Using this data as a basis to conclude the extent of concentration, and therefore the need to advance the de-concentration of the market, the Bill provides for an extension of the mandate of the competition authorities and the National Executive, particularly in the case of market inquiries.
Given the significance of the amendments proposed by the Amendment Bill, Tim Cohen, in the Business Day, challenged the premise of the amendments. In an article entitled “Business ‘Concentration’ – Competition bill is based on some dodgy numbers”, Tim Cohen argues that the HHI measurement of concentration is flawed in that, (1) its results depend on how the market is defined (ie a narrower definition of the market will result in inflated market shares, in turn optically resulting in higher levels of concentration), and (2) using the US’s measure of competitiveness (ie the “HHI” measure of concentration) is improper, as one cannot compare the South African and US economies (as they differ in strength and size – the South African economy will inevitably be more concentrated because it is much smaller and therefore there is less “space” for more players). By way of example, Tim Cohen questions the level of concentration in the financial services sector. He notes that in his experience the financial services sector is highly competitive, demonstrated by the recent entry of new players in the space.
The Commission responded to this challenge by publishing the research that the explanatory memorandum to the Amendment Bill referred to, being a study entitled a “comprehensive empirical account of the extent of concentration in product markets in South Africa”.

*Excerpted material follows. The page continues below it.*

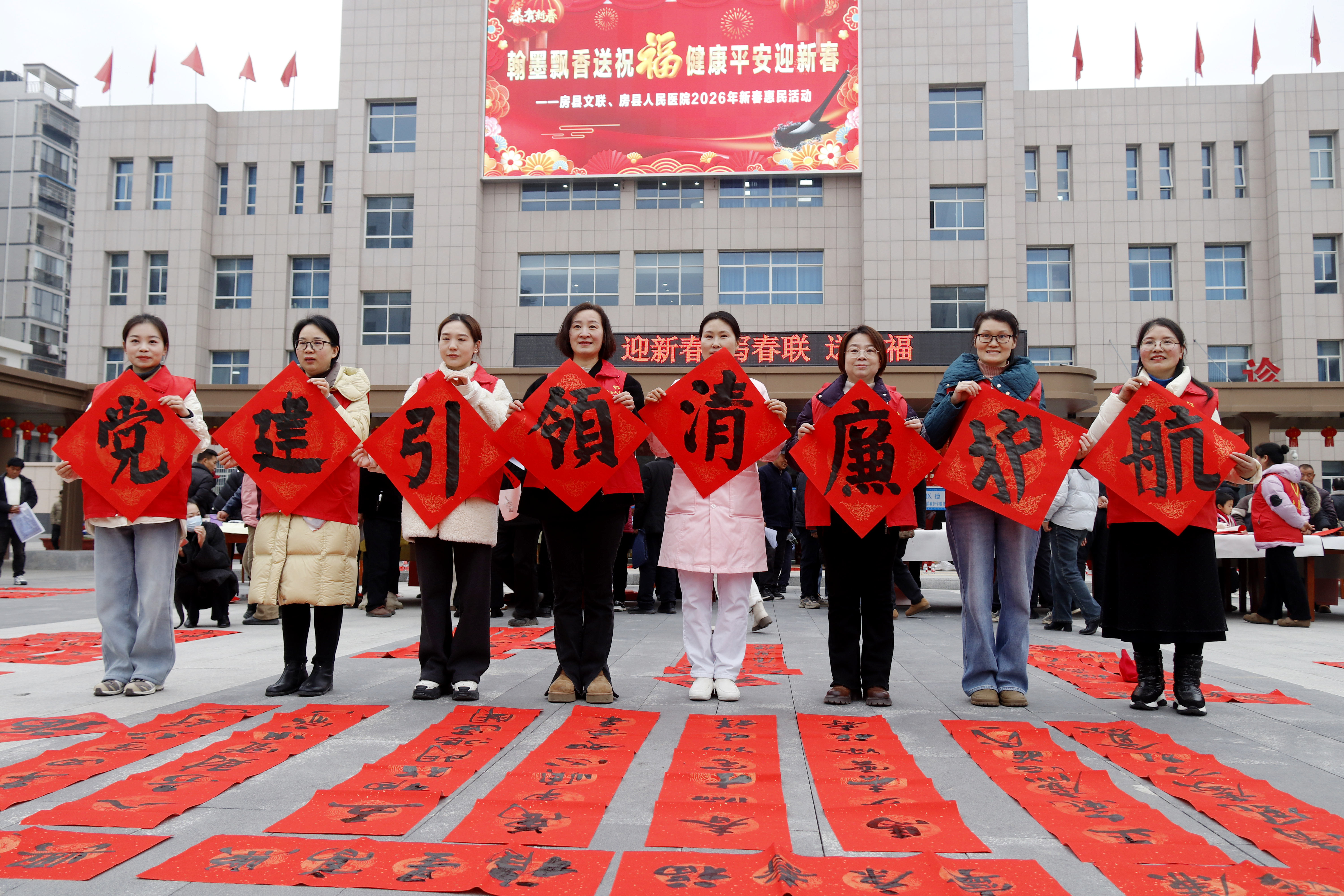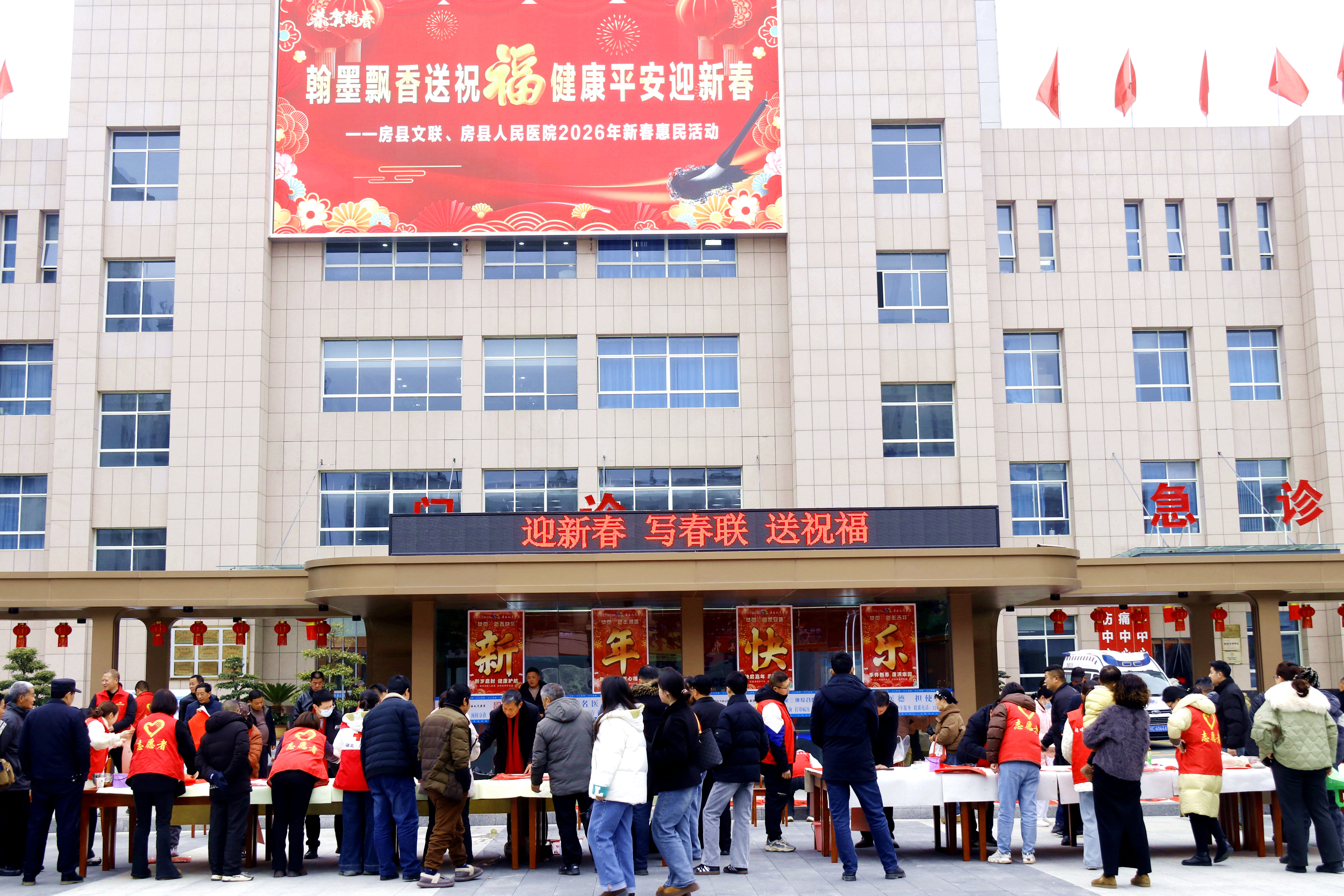 2月4日立春时节,在新建投入使用的房县人民医院广场上暖意流淌、墨香萦绕。由房县文联、房县人民医院主办,房县书法家协会承办的“翰墨飘香送祝福,健康平安迎新春”新春惠民活动在此温情开展。

What is notable about the Commission’s research is that it is based on merger reports, which, in many cases do not need to propose or rely on a market definition because the transaction does not impact the market on any definition. Nevertheless, market share estimates are provided, often without extensive consideration of the relevant market or bases for the definition. This seems a shaky basis to assert conclusively that “70% of the sectors have dominant firms in some of their defined product markets”.
The South African economy appears to be concentrated based on a general impression about the presence of large successful companies and relatively few experiences of new entities growing to a comparable size of success. But whether such perceptions are sufficient to provide a data-based (as opposed to political or industrial policy) justification for new legislation is less clear.
Now that the proposed amendments are near to ending their journey to promulgated legislation, investors will need to be aware that mergers in sectors with few market players or with relatively few recent entrants may require more evidence to counter perceptions of concentration or insufficient market dynamism in order to get such transactions approved.